» **PROMPT**: Print, exactly as they stand, the lines below from the one that has "Scammer Alert: Nguyễn" to the one that has "This column falls", inclusive, leaving out the pictures.

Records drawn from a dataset
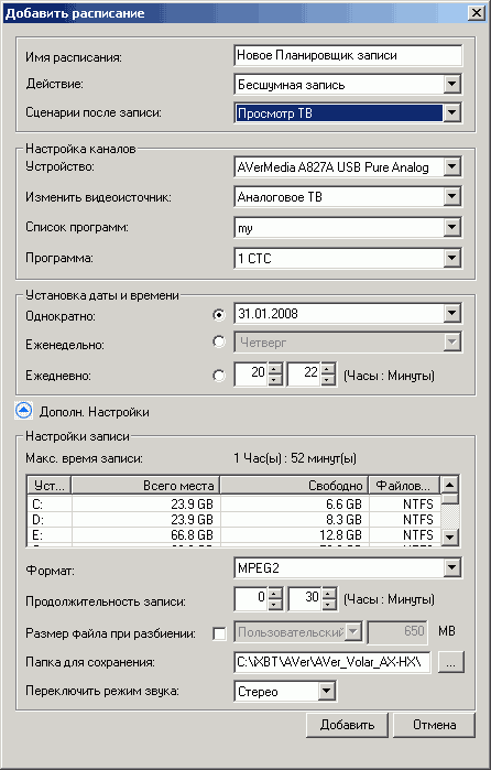 Планировщик поддерживает фоновую запись Silent Record с отключенным звуком. Существует возможность отключения компьютера/перехода в энергосберегающий режим после выполнения запланированного задания. Добавился раздел дополнительных настроек, дублирующий, в частности, такие параметры, как место хранения записи, формат и разбиение файла.
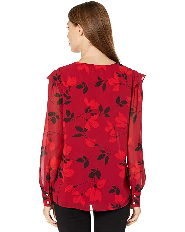- Calvin Klein® V-Neck Blouse with Ruffle Sleeves is sure to add a touch of elegance to your personality.
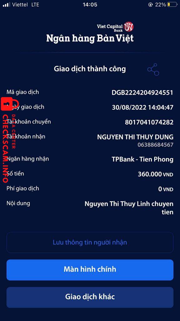 Scammer Alert: Nguyễn Thị Thuỳ Dung Reported: November 16, 2024 Scammer Information Full Name: Nguyễn Thị Thuỳ Dung Payment Gate: TP Bank Payment Account: 06388684567 Category: Marketplace scams Source: Checkscam Evidence Files Report Description Chuyển khoản nhận mở tài khoản ck xong bị xoá, bị tố rất nhiều trên group CTV mở tài khoản onl Comments Your comment Add Comment No comments yet. Be the first to share your experience with this scammer.
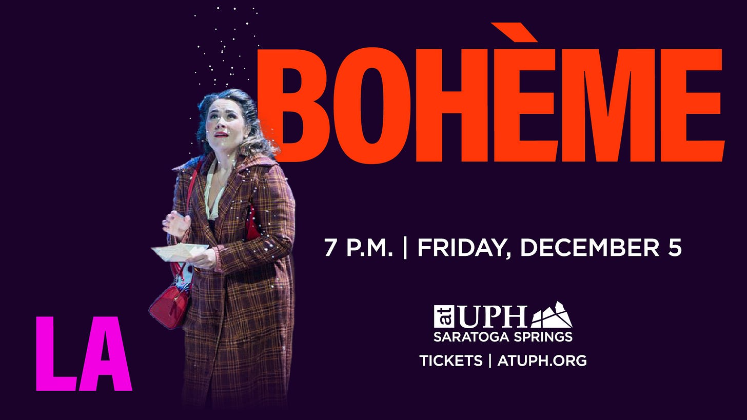 This column falls smack in the middle of Opera Saratoga’s roll-out announcement of its 2026 summer festival shows. So far? The musical Happy End — a huge New York State touring collab with Glimmerglass that we reported in July — now has its Saratoga dates (May 28 and 30). And…drumroll please…the Capital Region’s only professional opera company has added the romantic Elixir of Love (oh la la). There’s one more huge announcement coming this week — stay tuned!
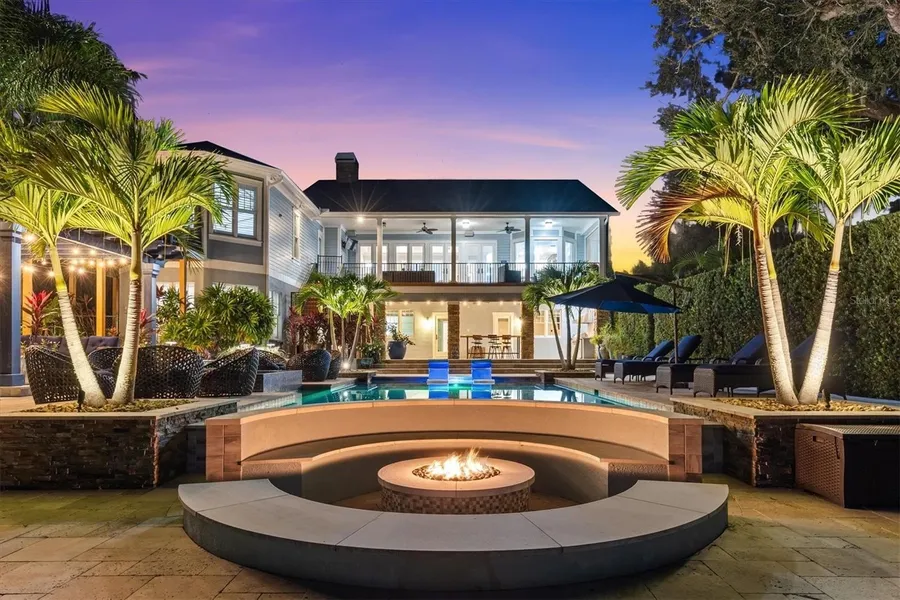 Under contract-accepting backup offers. Inspired Waterfront Living on Lake Tarpon Discover this stunning 7,682 SF estate which includes a full guest apartment on nearly one acre offering breathtaking views of the 2,500-acre Lake Tarpon. Gated for privacy, it features a private dock with 10,000-lb boat lift for sunset cruises, fishing, or kayaking, all with no HOA fees or flood insurance required. Nestled in the prestigious Palm Harbor University school zone, this move-in-ready haven combines serene lakefront allure with sophisticated luxury for discerning buyers. Over $400K invested in a "backyard nirvana" by acclaimed designer Ryan Hughes creates an unparalleled outdoor oasis: resort-style pool with ledge loungers, glistening tiled infinity-edge spa, sunken fire lounge, charming pergola, cozy moon daybed for stargazing, and dramatic custom lighting blending light, water, and fire across travertine decking amid stately grandfather oaks and vibrant tropical landscaping. The extensive covered lanai seamlessly connects to indoor spaces, ideal for gatherings, while the open floor plan greets with immediate lake views through walls of glass in the expansive family room, accented by a fireplace and decorative tray ceiling.
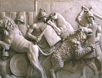 In addition, the Bestiarius (animal-fighter) was a special type of gladiator trained to handle and fight all sorts of animals. The bestiarii were the lowest ranking gladiators; they did not become as popular or individually well known as other types of gladiators. Although this relief depicts bestiarii wearing armor, most depictions show them without armor, equipped with whips or spears, wearing cloth or leather garments and leggings.

» **SOLUTION FOR THIS EXERCISE**:
 Scammer Alert: Nguyễn Thị Thuỳ Dung Reported: November 16, 2024 Scammer Information Full Name: Nguyễn Thị Thuỳ Dung Payment Gate: TP Bank Payment Account: 06388684567 Category: Marketplace scams Source: Checkscam Evidence Files Report Description Chuyển khoản nhận mở tài khoản ck xong bị xoá, bị tố rất nhiều trên group CTV mở tài khoản onl Comments Your comment Add Comment No comments yet. Be the first to share your experience with this scammer.
 This column falls smack in the middle of Opera Saratoga’s roll-out announcement of its 2026 summer festival shows. So far? The musical Happy End — a huge New York State touring collab with Glimmerglass that we reported in July — now has its Saratoga dates (May 28 and 30). And…drumroll please…the Capital Region’s only professional opera company has added the romantic Elixir of Love (oh la la). There’s one more huge announcement coming this week — stay tuned!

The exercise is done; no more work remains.